Activity
Transcribe each entry in full, and leave the images out.

Records shown Block Start

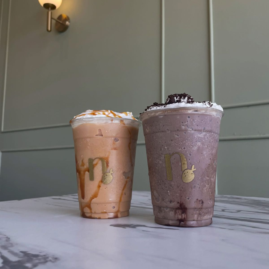 Frappe taro frio de 12 oz con leche entera o deslactosada.
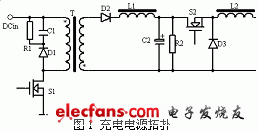 由于要求充电电源的输出变化范围为1.2V(0.3A)~60V(1.6A),采用单级变换器很难实现这 么大的变化范围,故采用了两级结构,电源主电路如图1所示,交流输入经整流滤波得到稳定的直流电压DCin,首先经单端反激变换器预稳压,并实现输入级与输出级的隔离,然后再经BUCK变换器进一步降压,得到所需输出电压。为了保证单端反激变换器能稳定工作,加入了假负载R2。由于电池等效于一个大电容,故输出端可不加滤波电容。
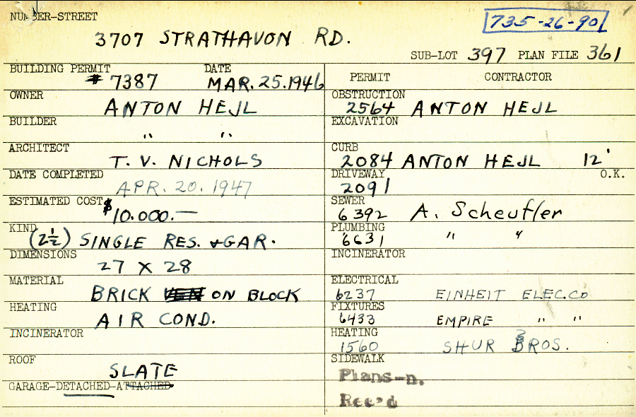 3707 Strathavon Road Shaker Heights, OH 44120 PARCEL ID: 735-26-090 Building Permit Date: 03-25-1946 Plan File Number: 361 all scanned Microfilm Roll: Roll004 Neighborhood: Lomond Owner: Hejl, Anton Builder: Hejl, Anton Architect: Nichols, T. V. Estimated Cost: 10000 Date Completed: 04-20-1947 Kind: Single 2-1/2 Material: Brick on Block Heating: Air Conditioned Roof: Slate Garage: detached |
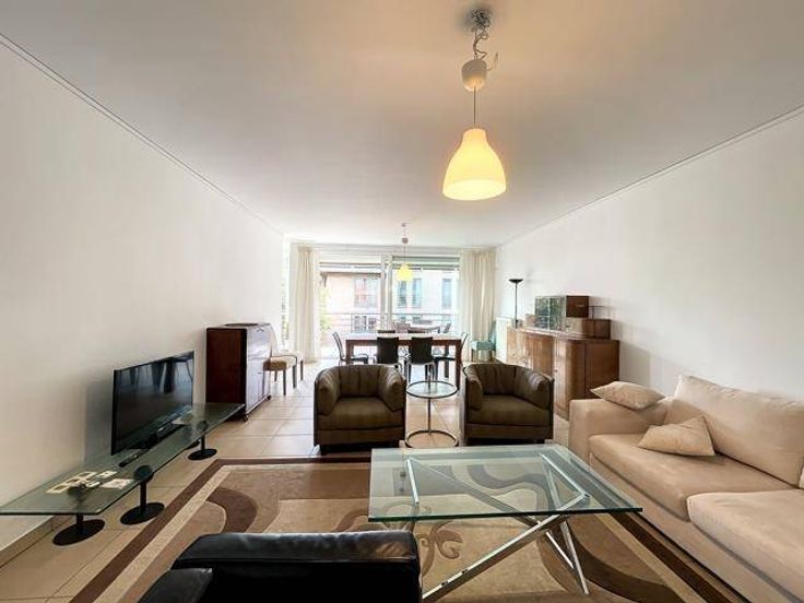 À deux pas du parc de Woluwe et de l’école Européenne, situé au 1ER étage d’un immeuble moderne et dans une rue calme à sens unique, superbe appartement MEUBLÉ 2 chambres de ± 125m² avec terrasse et parking intérieur. Composition : hall d’entrée, spacieux et lumineux séjour de ± 40m² avec accès à une belle terrasse orientée SUD-OUEST de ± 10m², cuisine super-équipée de ± 17m² avec espace salle à manger et buanderie attenante, hall de nuit, deux grandes chambres de ± 20 et 17m², salle de bains de ± 8m² avec wc, salle de douche, wc séparé, cave. Parking intérieur en supplément de 100€/mois. Détails : construction de 2007, PEB C+, porte blindée, vidéophone, meublé avec goût et entièrement équipé, libre immédiatement. Charges : 170€/mois comprenant ascenseur, entretien des parties communes et des abords, électricité des communs, Handyman, service poubelles. Nombreux commerces à proximité : Pro Marcel Thiry, Cora, Proxy Woluwe, Cameleon, Woluwe Shopping Center, … Écoles : EPHEC, École européenne de Bruxelles II, UCLouvain. Transports en commun : bus 29, 42, 45, 79, 178, station Roodebeek. Annonce et indications non contractuelles, sous réserve de modifications. Info : est@macnash.com – Tel : 02 779 99 99 – ID 271900
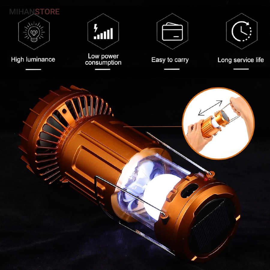 این محصول دارای چراغ مخفی است که با کشیدن محفظه روشن می شود. می توان به عنوان پاور بانک برای شارژ موبایل و تبلت خود استفاده کرد. هم با انرژی خورشیدی و هم با اتصال به برق ۱۱۰~۲۲۰V شارژ می شود. پس از شارژ کامل حدود ۶ ال ۱۰ ساعت روشنایی خواهد داشت. با توجه به طراحی و ویژگیهایی که دارد، انتخاب خوبی برای سفرهای شماست.
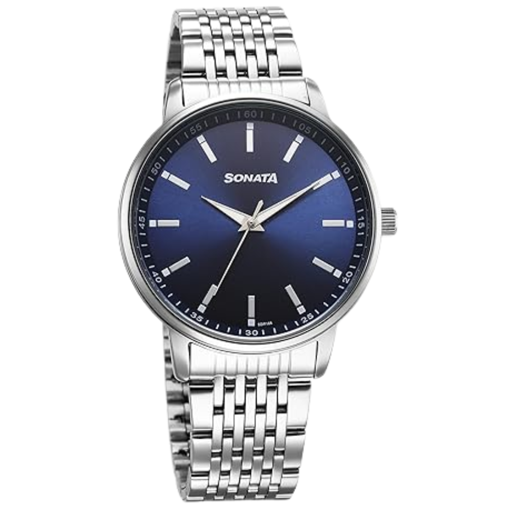 The Sonata 77156SM01 features a striking blue dial complemented by a polished silver metal strap, creating a refined festive look. Built with a durable metal case, mineral glass, and a push-button deployment clasp, this analog men’s watch offers comfort, durability, and timeless elegance for daily or special-occasion wear.
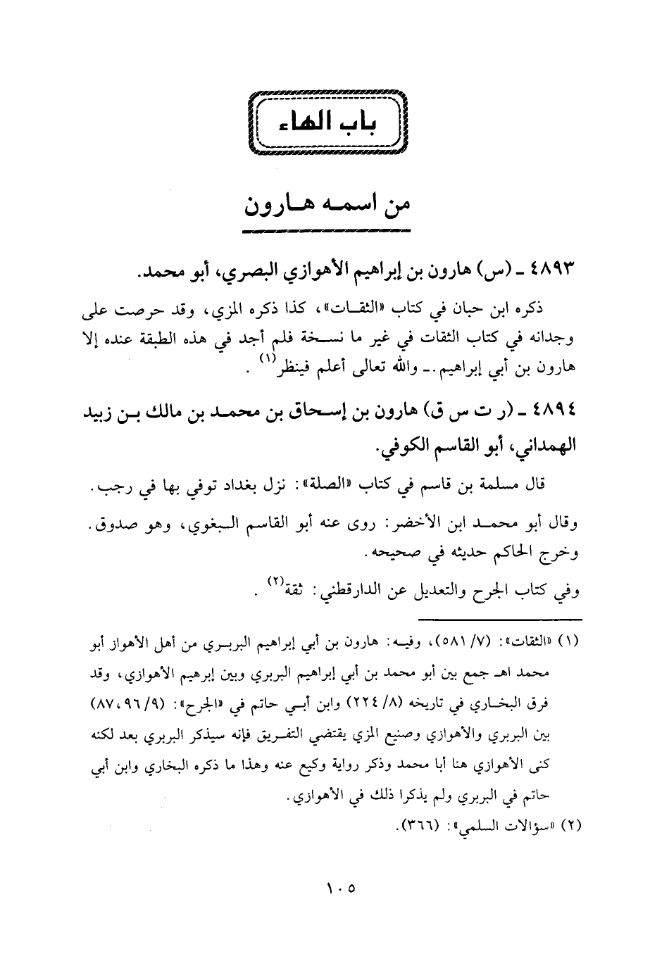 ٤٨٩٣ - (س) هارون بن إبراهيم الأهوازي البصري، أبو محمد.
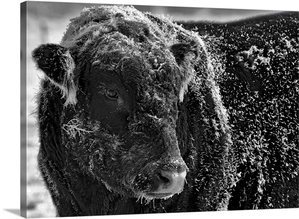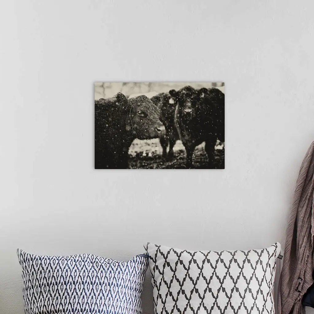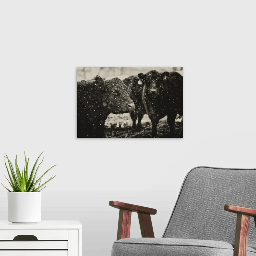 Black and white photograph of a group of cows during a snow fall.
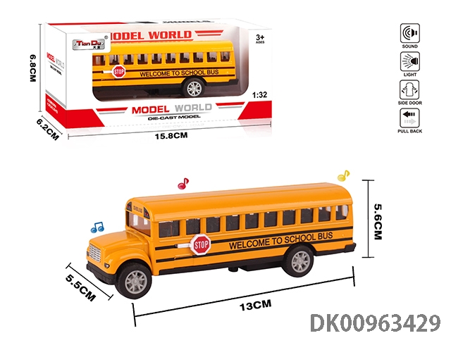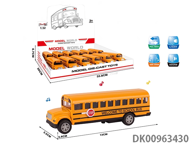 1: 32 Alloy small school bus single door with light music 12pcs/box
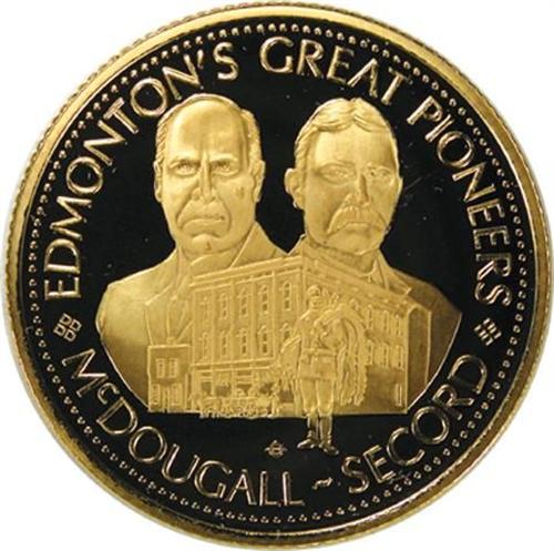Klondike Mike Salutes 1978 XI Commonwealth Games / Edmonton’s Great Pioneers McDougall - Secord, Gem Proof, Reeded Edge, 33mm 28.2 grams 24 karat gold. Heavy cameos on deeply mirrored fields
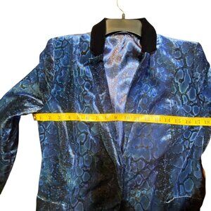 ELIE TAHARI OMBRE VELVET ANIMAL PRINT SMOKING JACKET BLAZER DUSTER ROYAL BLUE S
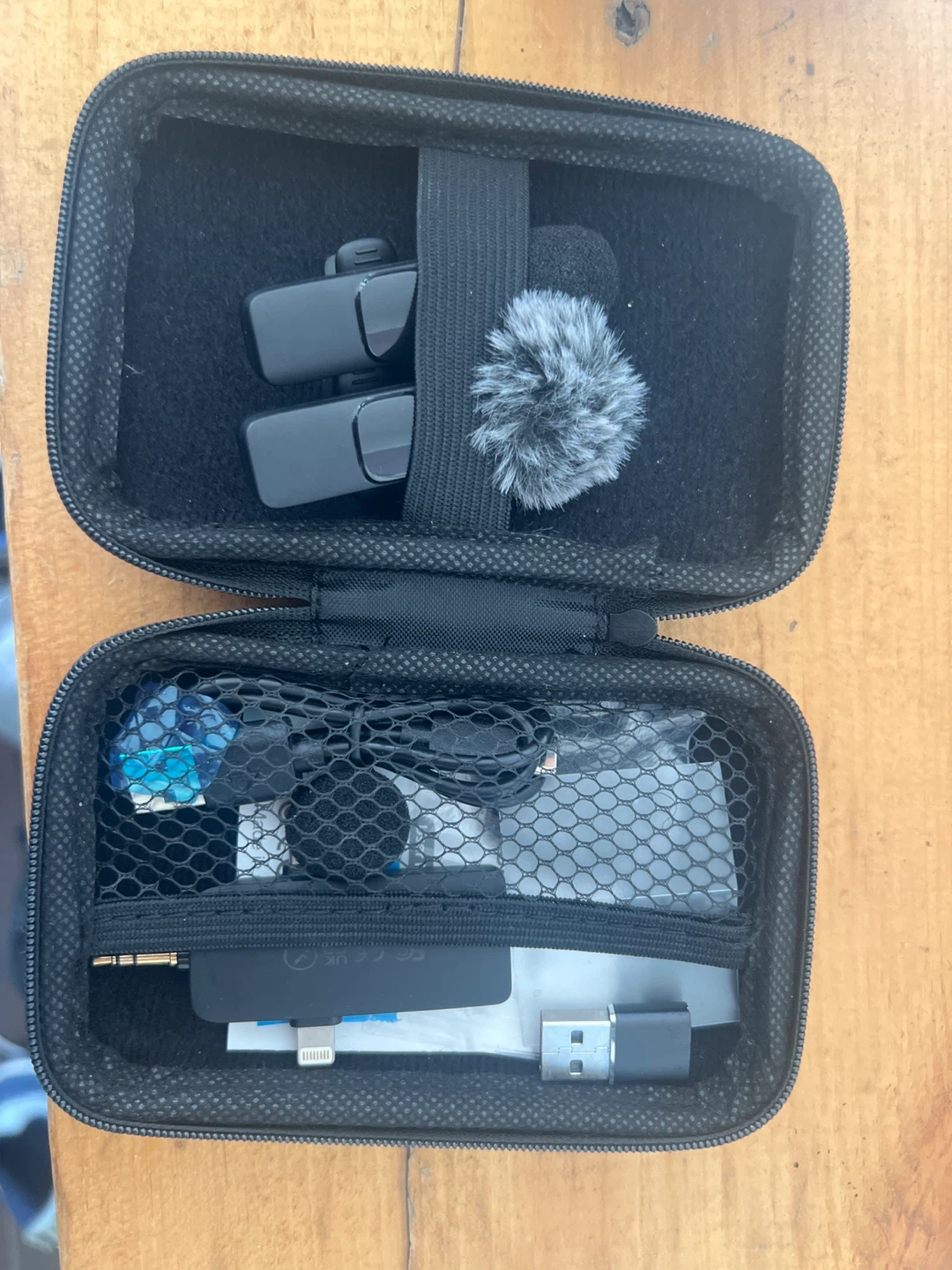 • Wireless Microphone Kit (with case) includes dual clip-on mics, windshields, receiver (Lightning + USB-C), and all accessories for crisp audio.
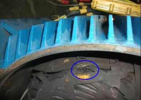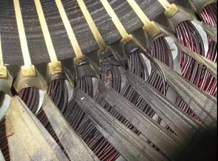 绕组全部变黑色,端部扎带变色并且变脆甚至断裂。
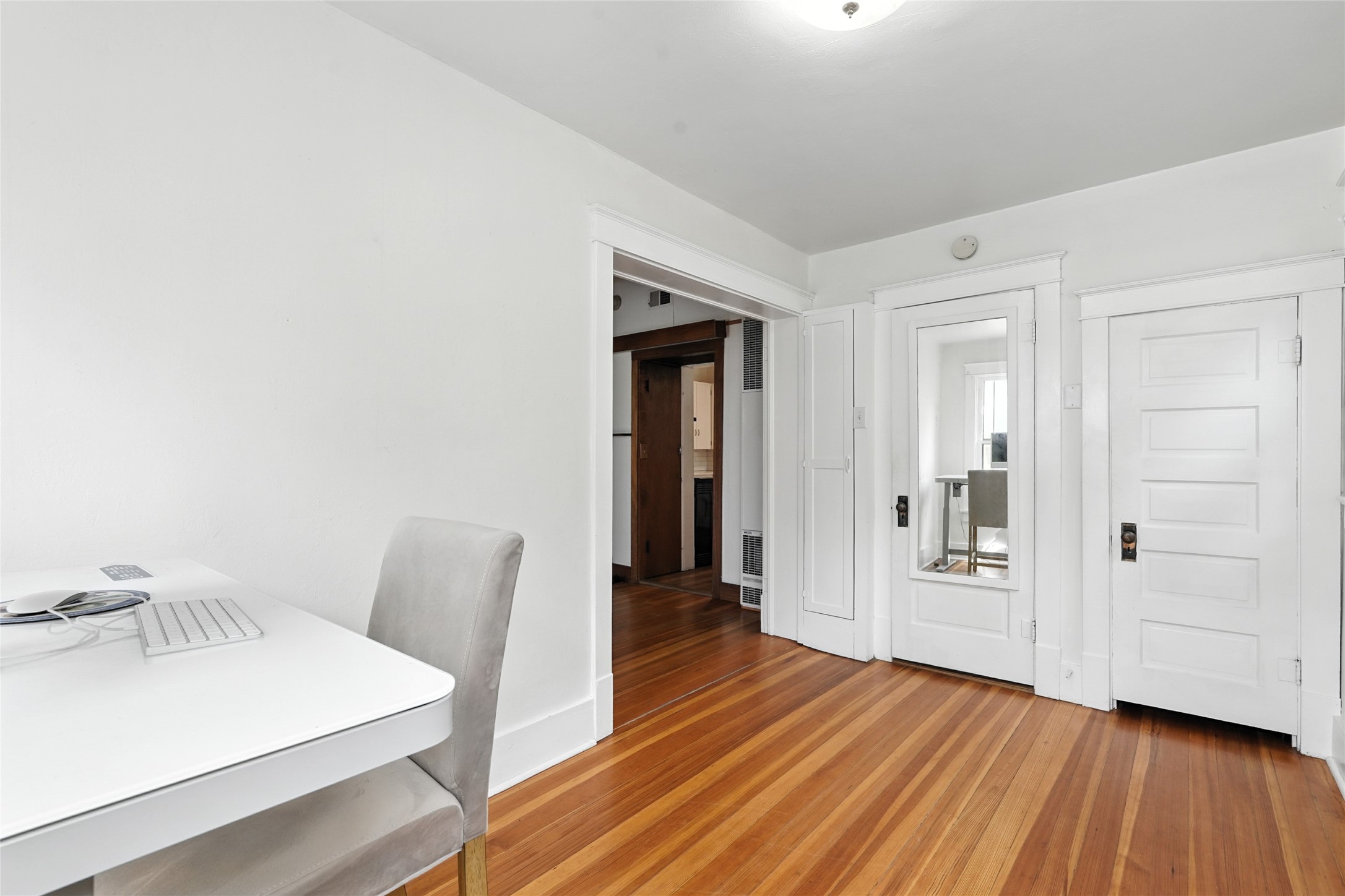 Seller to offer up to $10,000 towards buyers closing costs or interest rate buy down, REC with 20% down Discover the soul of historic Albuquerque in this captivating Huning Highlands 2 story bungalow! This 4 bedroom gem radiates timeless style and character, from its gorgeous original hardwood floors and crown molding to the stunning natural stone facade. Gather around the cozy fireplace or retreat to the beautifully updated kitchen, featuring sleek quartz countertops, a subway tile backsplash, and a charming breakfast nook. Step into a private paradise in the lush backyard, a verdant haven brimming with vibrant flower gardens, fragrant rose bushes, and towering trees--an entertainer's dream! The home also boasts an updated bathroom, a newer roof, and a huge laundry room with endless storage. An automatic gate leads to a two-car garage and carport. ...Plus, a fantastic basement offers.......even more possibilities. All this, perfectly situated across from Highland Park, with the city's best dining, shopping, and museums just moments away. This isn't just a house; it's a piece of history, reimagined.

Records shown Block End

Answer to the problem
 Frappe taro frio de 12 oz con leche entera o deslactosada.
 由于要求充电电源的输出变化范围为1.2V(0.3A)~60V(1.6A),采用单级变换器很难实现这 么大的变化范围,故采用了两级结构,电源主电路如图1所示,交流输入经整流滤波得到稳定的直流电压DCin,首先经单端反激变换器预稳压,并实现输入级与输出级的隔离,然后再经BUCK变换器进一步降压,得到所需输出电压。为了保证单端反激变换器能稳定工作,加入了假负载R2。由于电池等效于一个大电容,故输出端可不加滤波电容。
 3707 Strathavon Road Shaker Heights, OH 44120 PARCEL ID: 735-26-090 Building Permit Date: 03-25-1946 Plan File Number: 361 all scanned Microfilm Roll: Roll004 Neighborhood: Lomond Owner: Hejl, Anton Builder: Hejl, Anton Architect: Nichols, T. V. Estimated Cost: 10000 Date Completed: 04-20-1947 Kind: Single 2-1/2 Material: Brick on Block Heating: Air Conditioned Roof: Slate Garage: detached |
 À deux pas du parc de Woluwe et de l’école Européenne, situé au 1ER étage d’un immeuble moderne et dans une rue calme à sens unique, superbe appartement MEUBLÉ 2 chambres de ± 125m² avec terrasse et parking intérieur. Composition : hall d’entrée, spacieux et lumineux séjour de ± 40m² avec accès à une belle terrasse orientée SUD-OUEST de ± 10m², cuisine super-équipée de ± 17m² avec espace salle à manger et buanderie attenante, hall de nuit, deux grandes chambres de ± 20 et 17m², salle de bains de ± 8m² avec wc, salle de douche, wc séparé, cave. Parking intérieur en supplément de 100€/mois. Détails : construction de 2007, PEB C+, porte blindée, vidéophone, meublé avec goût et entièrement équipé, libre immédiatement. Charges : 170€/mois comprenant ascenseur, entretien des parties communes et des abords, électricité des communs, Handyman, service poubelles. Nombreux commerces à proximité : Pro Marcel Thiry, Cora, Proxy Woluwe, Cameleon, Woluwe Shopping Center, … Écoles : EPHEC, École européenne de Bruxelles II, UCLouvain. Transports en commun : bus 29, 42, 45, 79, 178, station Roodebeek. Annonce et indications non contractuelles, sous réserve de modifications. Info : est@macnash.com – Tel : 02 779 99 99 – ID 271900
 این محصول دارای چراغ مخفی است که با کشیدن محفظه روشن می شود. می توان به عنوان پاور بانک برای شارژ موبایل و تبلت خود استفاده کرد. هم با انرژی خورشیدی و هم با اتصال به برق ۱۱۰~۲۲۰V شارژ می شود. پس از شارژ کامل حدود ۶ ال ۱۰ ساعت روشنایی خواهد داشت. با توجه به طراحی و ویژگیهایی که دارد، انتخاب خوبی برای سفرهای شماست.
 The Sonata 77156SM01 features a striking blue dial complemented by a polished silver metal strap, creating a refined festive look. Built with a durable metal case, mineral glass, and a push-button deployment clasp, this analog men’s watch offers comfort, durability, and timeless elegance for daily or special-occasion wear.
 ٤٨٩٣ - (س) هارون بن إبراهيم الأهوازي البصري، أبو محمد.
 Black and white photograph of a group of cows during a snow fall.
 1: 32 Alloy small school bus single door with light music 12pcs/box
Klondike Mike Salutes 1978 XI Commonwealth Games / Edmonton’s Great Pioneers McDougall - Secord, Gem Proof, Reeded Edge, 33mm 28.2 grams 24 karat gold. Heavy cameos on deeply mirrored fields
 ELIE TAHARI OMBRE VELVET ANIMAL PRINT SMOKING JACKET BLAZER DUSTER ROYAL BLUE S
 • Wireless Microphone Kit (with case) includes dual clip-on mics, windshields, receiver (Lightning + USB-C), and all accessories for crisp audio.
 绕组全部变黑色,端部扎带变色并且变脆甚至断裂。
 Seller to offer up to $10,000 towards buyers closing costs or interest rate buy down, REC with 20% down Discover the soul of historic Albuquerque in this captivating Huning Highlands 2 story bungalow! This 4 bedroom gem radiates timeless style and character, from its gorgeous original hardwood floors and crown molding to the stunning natural stone facade. Gather around the cozy fireplace or retreat to the beautifully updated kitchen, featuring sleek quartz countertops, a subway tile backsplash, and a charming breakfast nook. Step into a private paradise in the lush backyard, a verdant haven brimming with vibrant flower gardens, fragrant rose bushes, and towering trees--an entertainer's dream! The home also boasts an updated bathroom, a newer roof, and a huge laundry room with endless storage. An automatic gate leads to a two-car garage and carport. ...Plus, a fantastic basement offers.......even more possibilities. All this, perfectly situated across from Highland Park, with the city's best dining, shopping, and museums just moments away. This isn't just a house; it's a piece of history, reimagined.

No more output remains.